父親(と母親)は息子を、自分のもの、所有物だと思っている。自分の考え通りに操作することが可能だと思っている。
しかし青年はもう大学生だ。すでにものごとを自分で考え、成長している。それに気づかない両親の愚かさ。
「あんまり軽はずみをしてまた逆回ぶりかえすといけませんよ」
父は虚勢を張り、「今まで敷いていた床を上げさせて、いつものような元気を示」す。息子の、「あんまり軽はずみをしてまた逆回(ぶりかえ)すといけませんよ」という優しさに対し、「なに大丈夫、これでいつものように要心さえしていれば」と、「愉快そうにしかし極めて軽く受け」る。
父親は、息子の気遣いを喜んでいる。しかしそれを「極めて軽く受け」る。「なに、お前が心配するほどのことではない。俺は大丈夫だ」という意味だ。息子に対し、まだ幼い考えの存在と見ている父親。「威厳ある自分からすると、これはいつものことだ」という威勢・虚勢。上から目線である。
そう考えると、これほど子ども扱いし、自分たちで自由に何でも決めてしまっていいと考えている両親に対して、従順に従い、温かい言葉をかける青年の方が、たいした人・大人だ。エラい。
「実際父は大丈夫らしかった。家の中を自由に往来して、息も切れなければ、眩暈めまいも感じなかった。ただ顔色だけは普通の人よりも大変悪かった」のところなど、父親をちゃんと見守っている。
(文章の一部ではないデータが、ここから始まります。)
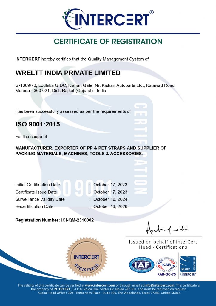 WRELTT INDIA PVT. LTD. (formerly known as Signor Polymers Pvt. Ltd.) has been established in the year 2005-06 with a vision to produce high quality Polypropylene (PP) Box Straps, ideal for Fully Semi Automatic Strapping Machine. Our Straps are available in different widths, thickness and various colors / Natural too; with an online printing facility, giving excellent printing results on the straps. Our product is manufactured on highly sophisticated, Hi-tech, imported, fully automized plant.

さらには、「万一を気遣って、私が引き添うように傍に付いていた。私が心配して自分の肩へ手を掛けさせようと」するなど、いまどきよくできた息子だ。
(明治時代だけど)
青年の故郷の場所は明かされないが、そこから東京に出してもらい、生活と勉強をさせてもらっているという感謝の気持ちが、この青年にはあるのだろう。青年は、父親を見守り、手を添え、心配している。父に対する子としての愛がある。
その一方で、両親の息子に対するこのような状態が続けば続くほど、息子の心は両親から離れていく。息子はいつまでも両親の「子供」ではない。所有物扱いは、精神的に成長しつつある息子には迷惑だ。
そうして実際に、病む父を置いて、青年は先生へと向かう。